Que signifie « abstrus » ?
Abstrus est un adjectif qui qualifie ce qui est difficile à comprendre, ce qui demande un effort intellectuel considérable pour être saisi. Un raisonnement abstrus, une théorie abstruse, un style abstrus : l'image est celle d'une pensée qui se dérobe, qui se cache derrière sa propre complexité. Mais attention : l'abstrus n'est pas seulement complexe — il est obscur par excès de profondeur, comme si l'auteur avait poussé sa réflexion si loin qu'elle en devenait inaccessible. Contrairement à l'abscons, qui évoque un défaut de clarté, l'abstrus suggère une profondeur réelle mais difficile d'accès.
Étymologie : ce qui est caché hors de portée
Le mot vient du latin abstrusus, participe passé de abstrudere (« cacher, dérober à la vue »), composé de abs- (« hors de ») et de trudere (« pousser, pousser en avant »). Littéralement : « poussé hors de la vue », donc « caché », « dérobé ». Le Littré définit le mot ainsi : « Difficilement accessible à l'entendement », et le distingue d'« abstrait » : une chose abstruse ne se comprend « que par une suite de raisonnements, et qu'à force d'efforts », tandis qu'une chose abstraite n'est malaisée à comprendre qu'à cause de sa généralité. L'Académie française définit pour sa part le mot, plus sobrement, comme « difficile à saisir par l'esprit ». Le mot est entré en français au XVIe siècle — Montaigne l'emploie déjà dans les Essais —, à l'époque où les savants redécouvraient les textes anciens et cherchaient à nommer les qualités des écrits philosophiques les plus ardus.

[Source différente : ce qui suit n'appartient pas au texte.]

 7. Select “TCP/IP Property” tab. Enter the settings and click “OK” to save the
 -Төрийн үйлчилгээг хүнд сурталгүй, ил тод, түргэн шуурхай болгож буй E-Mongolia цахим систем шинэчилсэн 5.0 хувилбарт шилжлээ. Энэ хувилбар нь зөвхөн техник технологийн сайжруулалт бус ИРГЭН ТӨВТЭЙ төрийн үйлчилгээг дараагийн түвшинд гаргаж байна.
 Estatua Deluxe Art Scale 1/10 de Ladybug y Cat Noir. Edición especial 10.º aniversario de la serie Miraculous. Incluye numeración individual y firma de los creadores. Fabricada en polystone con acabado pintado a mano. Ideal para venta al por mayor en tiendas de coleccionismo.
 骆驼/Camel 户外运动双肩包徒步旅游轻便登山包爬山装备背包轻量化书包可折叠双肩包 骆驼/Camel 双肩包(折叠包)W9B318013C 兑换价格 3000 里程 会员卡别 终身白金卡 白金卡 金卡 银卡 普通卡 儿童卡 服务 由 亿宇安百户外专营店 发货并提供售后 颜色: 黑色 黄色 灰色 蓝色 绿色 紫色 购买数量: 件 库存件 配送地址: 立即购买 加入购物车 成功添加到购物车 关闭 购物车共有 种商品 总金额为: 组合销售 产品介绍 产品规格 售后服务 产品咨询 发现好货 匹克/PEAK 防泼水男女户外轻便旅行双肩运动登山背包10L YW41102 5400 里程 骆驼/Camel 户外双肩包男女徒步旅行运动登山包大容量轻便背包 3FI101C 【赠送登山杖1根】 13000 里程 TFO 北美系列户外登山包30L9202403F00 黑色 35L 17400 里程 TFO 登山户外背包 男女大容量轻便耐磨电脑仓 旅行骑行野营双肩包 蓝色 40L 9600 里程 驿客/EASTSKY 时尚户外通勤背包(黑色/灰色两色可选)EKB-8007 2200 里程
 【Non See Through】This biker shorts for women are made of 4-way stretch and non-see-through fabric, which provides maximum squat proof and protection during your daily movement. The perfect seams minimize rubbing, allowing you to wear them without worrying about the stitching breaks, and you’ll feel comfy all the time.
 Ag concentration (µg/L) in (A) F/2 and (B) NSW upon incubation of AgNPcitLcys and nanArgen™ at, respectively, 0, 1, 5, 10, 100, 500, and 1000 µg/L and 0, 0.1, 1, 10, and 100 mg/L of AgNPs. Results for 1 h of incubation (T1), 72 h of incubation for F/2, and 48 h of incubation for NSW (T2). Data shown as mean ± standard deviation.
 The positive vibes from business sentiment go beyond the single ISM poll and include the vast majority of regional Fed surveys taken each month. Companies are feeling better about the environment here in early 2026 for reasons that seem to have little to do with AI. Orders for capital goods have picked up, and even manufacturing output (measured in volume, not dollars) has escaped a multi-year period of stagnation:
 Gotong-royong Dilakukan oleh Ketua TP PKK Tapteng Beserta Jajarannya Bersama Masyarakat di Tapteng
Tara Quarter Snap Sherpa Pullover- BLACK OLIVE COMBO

Un mot qui dit deux choses à la fois
Au-delà de la définition officielle, l'usage du mot laisse percevoir deux nuances :
- Sens premier (profondeur) : se dit d'un savoir, d'une pensée, d'une doctrine dont la profondeur même rend l'accès difficile. Exemple : « Les traités abstrus de métaphysique exigent une longue initiation. » Ici, le mot n'est pas nécessairement péjoratif : il reconnaît une forme de richesse qui exige un effort.

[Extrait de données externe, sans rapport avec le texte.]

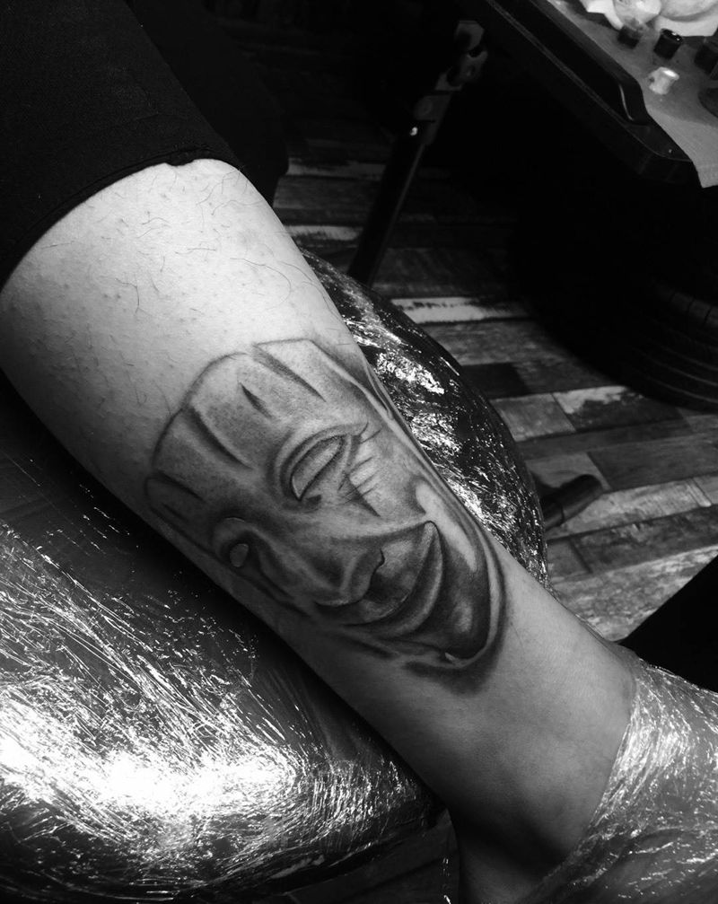 • T包小腿吹火男+阿多福纹身图片_腿部老传统新传统吹火男阿
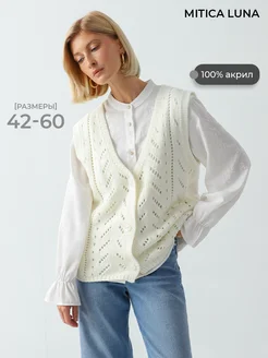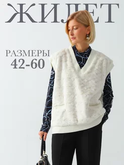 Вязаный жилет с экомехом на спинке большие размеры
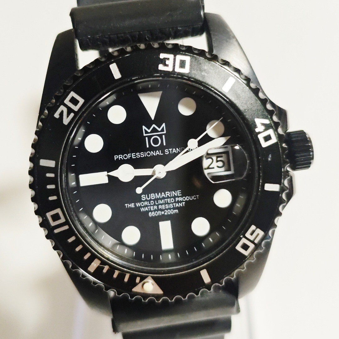 動作品 101 ヒャクイチ ダイバーズウォッチ QZ デイト ブラック文字盤 電池交換済み クォーツ アナログ メンズ腕時計 稼働品 セ300
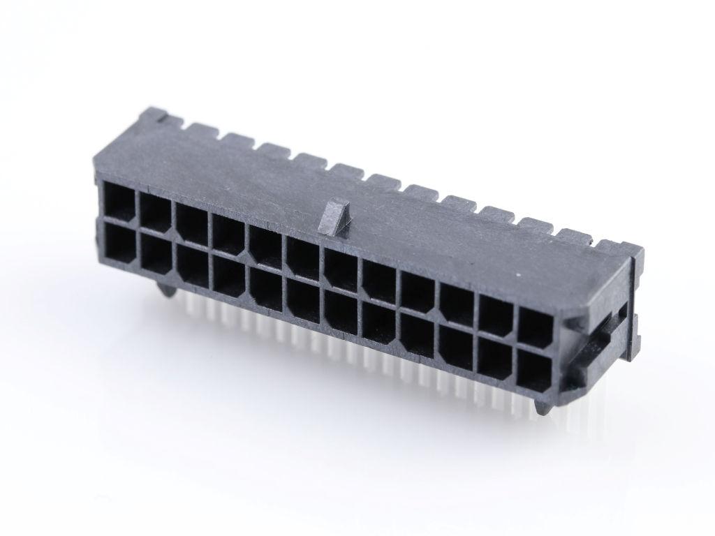 Micro-Fit 3.0 Right-Angle Header, 3.00mm Pitch, Dual Row, 24 Circuits, with Snap-in Plastic Peg PCB Lock, Gold, Glow-Wire Capable, Black

- Sens second (obscurité) : se dit d'un discours volontairement ou involontairement obscur, dont la difficulté semble parfois gratuite. Exemple : « Un jargon abstrus qui ne sert qu'à impressionner. » Dans ce cas, le mot devient critique.
Le Robert ajoute une précision importante : le mot s'emploie souvent avec une nuance péjorative quand il qualifie un style : « un style abstrus » sous-entend que l'auteur aurait pu être plus clair. C'est toute l'ambiguïté d'abstrus : il hésite entre le respect pour la profondeur et le reproche pour l'obscurité.
Abstrus, abscons, obscur, hermétique : quelles nuances ?
- Abscons : difficile à comprendre, mais souvent par manque de clarté. L'abscons est confus, presque ténébreux. Il n'implique pas la profondeur.
- Obscur : qui n'est pas clair, qui manque de lumière. L'obscur peut être vague, imprécis, mal formulé.
- Hermétique : qui se ferme complètement à la compréhension, comme scellé. L'hermétique est inaccessible.
- Ésotérique : réservé à un petit nombre d'initiés. L'ésotérique est volontairement caché, mais il peut être clair pour qui a la clé.
- Abstrus : difficile à comprendre à cause de sa profondeur. C'est le mot le plus noble de la série : il ne dit pas seulement « c'est obscur », il dit « c'est profond, et c'est pourquoi c'est difficile ».
La différence est essentielle : l'abscons est confus, l'obscur est mal éclairé, l'hermétique est fermé, l'ésotérique est réservé — mais l'abstrus est profond. Le mot a une dignité que les autres n'ont pas : il reconnaît la valeur de ce qu'il désigne tout en avouant la difficulté d'y accéder.
Pourquoi « abstrus » est un mot précieux
Aujourd'hui, abstrus est souvent remplacé par compliqué ou difficile. Pourtant, il apporte une nuance unique : celle d'une difficulté noble, liée à la profondeur et non au désordre. Dire d'un texte qu'il est abstrus, c'est dire qu'il exige un effort — mais un effort récompensé par la richesse de ce qu'il contient. C'est le mot des philosophies exigeantes, des mathématiques avancées, des œuvres qui demandent une initiation. Il a une élégance qui sert la précision : il distingue la vraie profondeur de la simple confusion.
Exemple d'usage contemporain
« Son dernier essai est d'une lecture abstruse : il faut s'accrocher, relire, mais l'effort est payé de retour. » Ici, abstrus n'est pas un reproche : c'est un avertissement. Le mot prévient le lecteur qu'il devra travailler, mais lui promet une récompense. C'est exactement ce que le mot capture : la difficulté qui a du sens.